* STORED DATA:
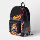 Sac À Dos Imprimé Ballon de football volant avec flammes.
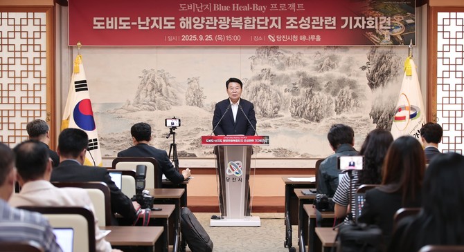 시는 지난 24일 충남도청 대회의실에서 충청남도, 한국농어촌공사, ㈜도비도특구개발, 대일레저개발㈜과 '도비도-난지도 해양관광복합단지 조성 업무협약'을 체결하고, 25일 당진시청 해나루홀에서 기자회견을 열어 사업 경과와 향후 계획을 발표했다.
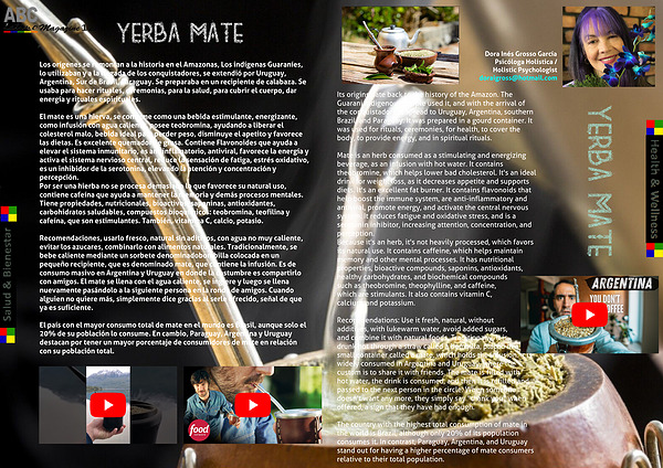 El mate es una hierva, se consume como una bebida estimulante, energizante, como infusión con agua caliente, posee teobromina, ayudando a liberar el colesterol malo, bebida ideal para perder peso, disminuye el apetito y favorece las dietas. Es excelente quemador de grasa. Contiene Flavonoides que ayuda a elevar el sistema inmunitario, es antiinflamatorio, antiviral, favorece la energía y activa el sistema nervioso central, reduce la sensación de fatiga, estrés oxidativo, es un inhibidor de la serotonina, elevando la atención y concentración y percepción.
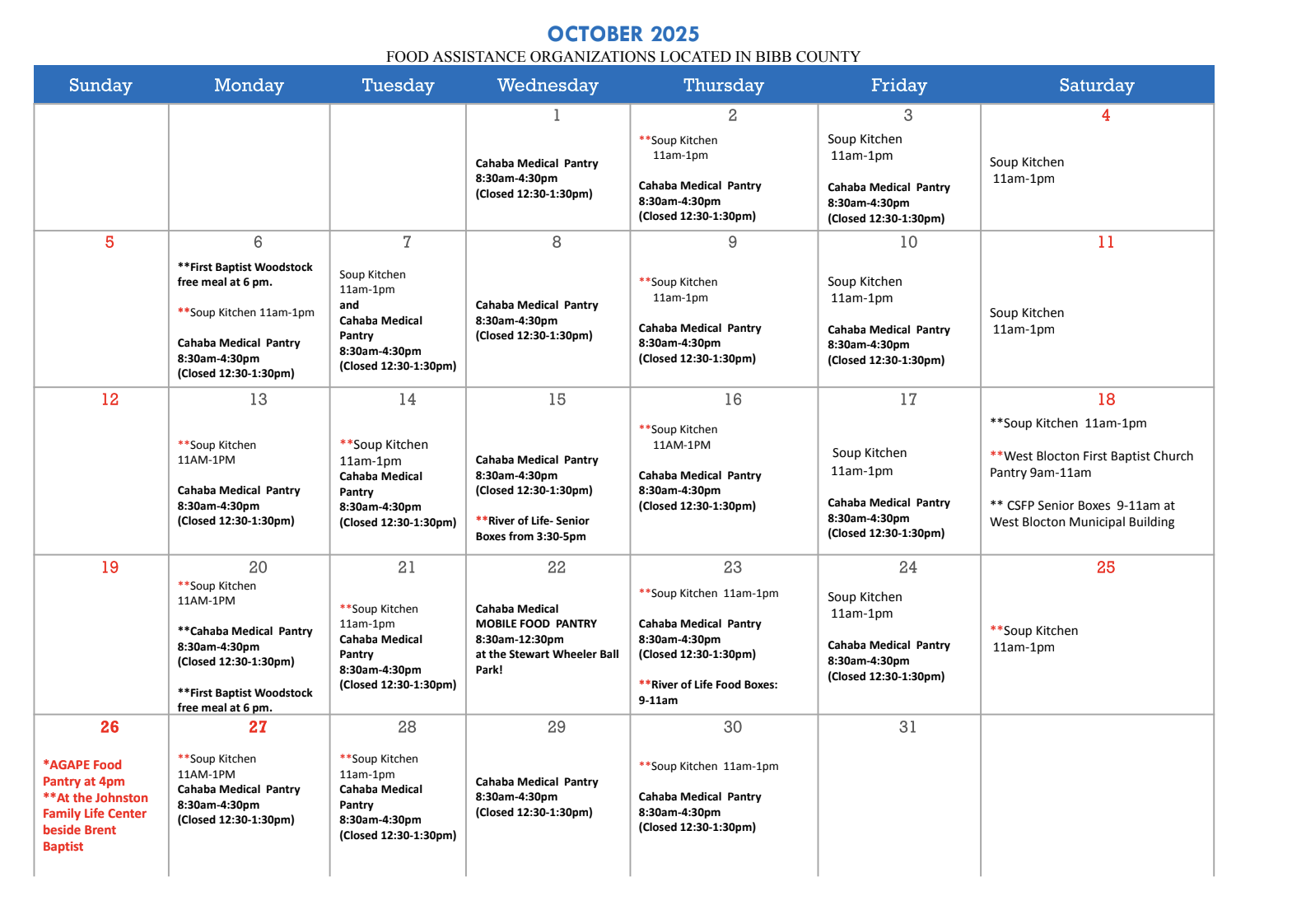 SCHEDULE FOR FOOD ASSISTANCE ORGANIZATIONS LOCATED IN BIBB COUNTY

* ABOUT THIS EXERCISE: Each word of the data should be repeated exactly, and the pictures left out.

* TASK RESULT:
 Sac À Dos Imprimé Ballon de football volant avec flammes.
 시는 지난 24일 충남도청 대회의실에서 충청남도, 한국농어촌공사, ㈜도비도특구개발, 대일레저개발㈜과 '도비도-난지도 해양관광복합단지 조성 업무협약'을 체결하고, 25일 당진시청 해나루홀에서 기자회견을 열어 사업 경과와 향후 계획을 발표했다.
 El mate es una hierva, se consume como una bebida estimulante, energizante, como infusión con agua caliente, posee teobromina, ayudando a liberar el colesterol malo, bebida ideal para perder peso, disminuye el apetito y favorece las dietas. Es excelente quemador de grasa. Contiene Flavonoides que ayuda a elevar el sistema inmunitario, es antiinflamatorio, antiviral, favorece la energía y activa el sistema nervioso central, reduce la sensación de fatiga, estrés oxidativo, es un inhibidor de la serotonina, elevando la atención y concentración y percepción.
 SCHEDULE FOR FOOD ASSISTANCE ORGANIZATIONS LOCATED IN BIBB COUNTY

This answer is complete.